Mansfield’s pitch, according to the Bloomberg account that surfaced eight years later when Srouji had become impossible to ignore, was structured around a sentence that almost no other company in the world could plausibly say. Apple, he told Srouji, was going to start designing its own processors. There was no team yet to speak of. Steve Jobs had decided, after the experience of building the first iPhone on Samsung’s reference silicon and watching Intel decline to be the iPhone’s chip supplier, that Apple could not let somebody else hold the part of the product that mattered most. Mansfield was offering Srouji the chance to build that team from scratch, to set the architecture, to hire the people, to ship a chip into a product that the world had not yet seen and that would, if Jobs was right, end up in hundreds of millions of pockets. Srouji took a few weeks. He moved his family to Cupertino in March of that year and took the badge.

He arrived to find roughly forty engineers working on chip-related problems inside Apple. By the end of the decade his organization would be in the high hundreds. By the time Apple launched the M1 twelve years later, the silicon group would number in the thousands, distributed across Cupertino, Austin, Munich, Herzliya, Haifa, and a half-dozen other sites. The largest in-house semiconductor design organization in any consumer electronics company had been built one quiet hire at a time, mostly out of public view, from the foundation that Mansfield laid that spring.

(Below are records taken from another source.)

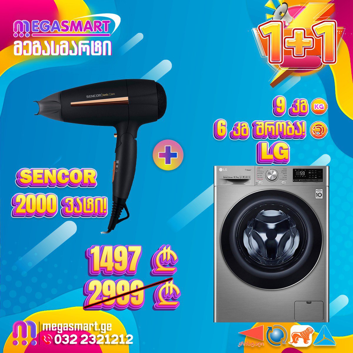 სარეცხი+საშრობი მანქანა 9კგ/6კგ LG F4V5VG2S საჩუქრად ფენი Sencor SSM SHD 7100BK
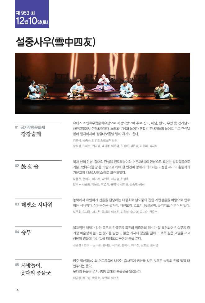 [진도토요민속여행] 제953회 진도토요민속여행 상설 공연 "설중사우" 안내
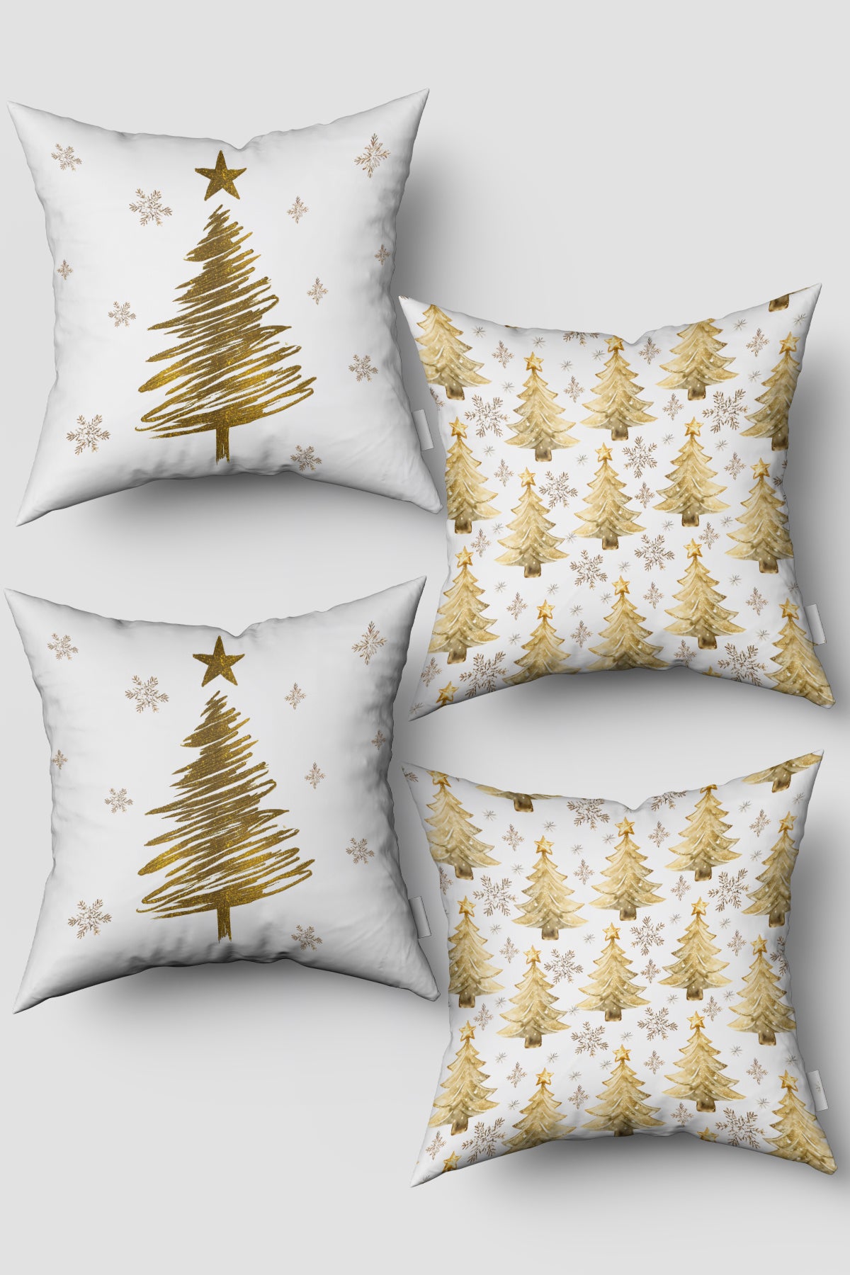 - Noel Temalı Beyaz Işıltılı Sarı Çam Ağacı ve Kar Taneleri Yılbaşı 4'lü Kırlent Kılıfı Seti
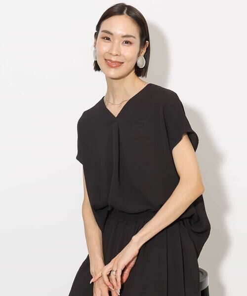 深すぎない衿あきとバックネックのデザインが特徴的なデザイントップス。体のラインが出ないサイズ感、気になる肩、二の腕もさりげなくカバーするデザイン。風が通り涼しく着用いただけます。40サイズは限定店舗展開です。
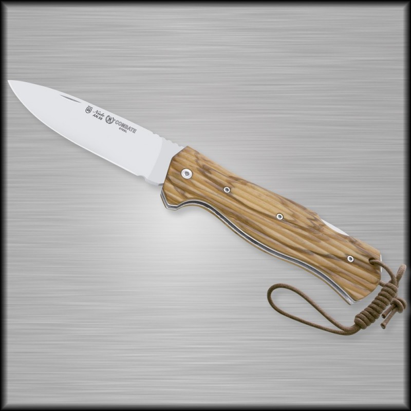 Navaja de supervivencia con sistema de bloqueo. Madera en olivo con surcos tipo 3D.
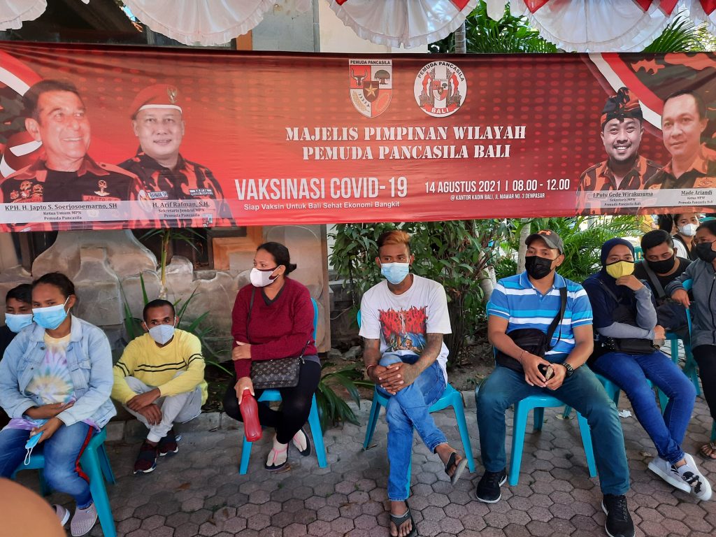 Usai memberikan keterangan persnya, WKU III Kadin Indonesia Bidang Kelautan dan Perikanan, Joseph Pangalila bersama Ketua Kadin Bali dan jajarannya meninjau langsung pelaksanaan program vaksinisasi tahap II, bahkan dalam proses pelaksanaan vaksinisasi melibatkan para Srikandi Pemuda Pancasila. dx
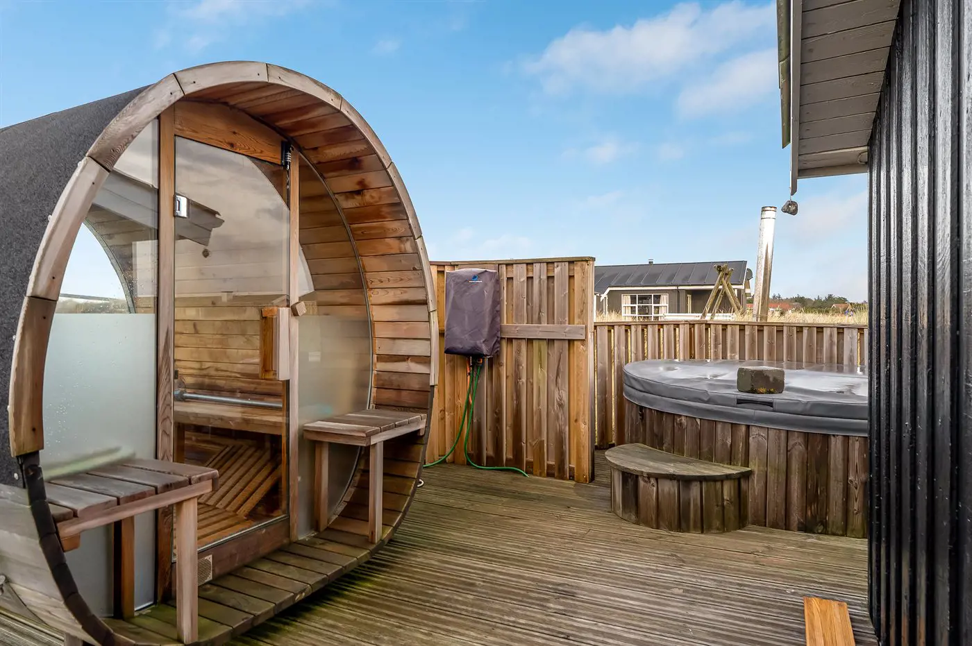 Zum Haus gehört eine schöne, teilweise überdachte Terrasse mit Hot-Tub und Sauna.
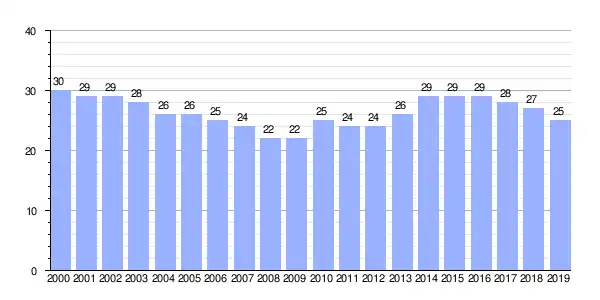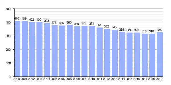 | Gráfica de evolución demográfica de Arantón (lugar) entre 2000 y 2019 |

The deeper origin of that bet was a phone call Steve Jobs had placed the previous year. Sometime in the run-up to the original iPhone, Jobs had asked Paul Otellini, then chief executive of Intel, whether Intel would be willing to manufacture a custom processor for the device he was about to ship. Otellini was running the most successful semiconductor company in history. He had committee meetings to listen to, margin targets to defend, and a roadmap dominated by x86 chips that had little overlap, technically or commercially, with what a smartphone needed. After internal review, he turned Apple down. Years later, in an interview with the journalist Alexis Madrigal at The Atlantic, Otellini would describe the rejection in the language of a regretted bet: the volume forecast at the time, he said, had not justified the investment, and the world would have been a lot different if Intel had said yes.

Jobs, denied Intel, settled in 2007 for a Samsung-built system-on-a-chip designated the S5L8900. Inside it sat a 32-bit ARM 1176JZF-S core licensed from a small British design house in Cambridge, plus a PowerVR graphics block from Imagination Technologies, all stitched together by Samsung’s foundry on a 90-nanometer process. The phone shipped on June 29, 2007. It was a triumph, and it was a problem. Apple was now utterly dependent on Samsung for the most expensive component inside its most important product. Samsung was about to release a phone of its own, the Galaxy S, that would compete directly with the iPhone. Tony Fadell, who ran the iPod and early iPhone hardware, had pushed Apple toward chip suppliers willing to do power-efficient parts; he could not, by himself, make Apple a chip company. Jobs concluded that Apple needed to become one.

The vehicle was a Santa Clara startup called P.A. Semi, originally Palo Alto Semiconductor, founded in 2003 by an engineer named Daniel Dobberpuhl. Dobberpuhl was the kind of designer that the people who designed processors talked about with a particular reverence. He had spent the 1980s and early 1990s at Digital Equipment Corporation in Hudson, Massachusetts, where he had led the design of the DEC Alpha 21064, the highest-performance microprocessor of its era, and then the StrongARM chip, an extraordinary piece of engineering that had achieved 160 megahertz on a CMOS RISC core consuming under a third of a watt. The StrongARM, after DEC’s slow collapse, had been transferred to Intel as part of a 1997 patent settlement, and Dobberpuhl had moved on. He had founded a company called SiByte in 1998, sold it to Broadcom for over two billion dollars in stock, and in 2003 founded P.A. Semi to build a low-power Power-architecture processor called the PWRficient for embedded markets. He had recruited an unusually deep bench of architects to do it. Among them was Jim Keller, the engineer who had designed the K7 and K8 processors at AMD, in turn the chips that for one brief period at the start of the 2000s had given AMD a real performance lead over Intel.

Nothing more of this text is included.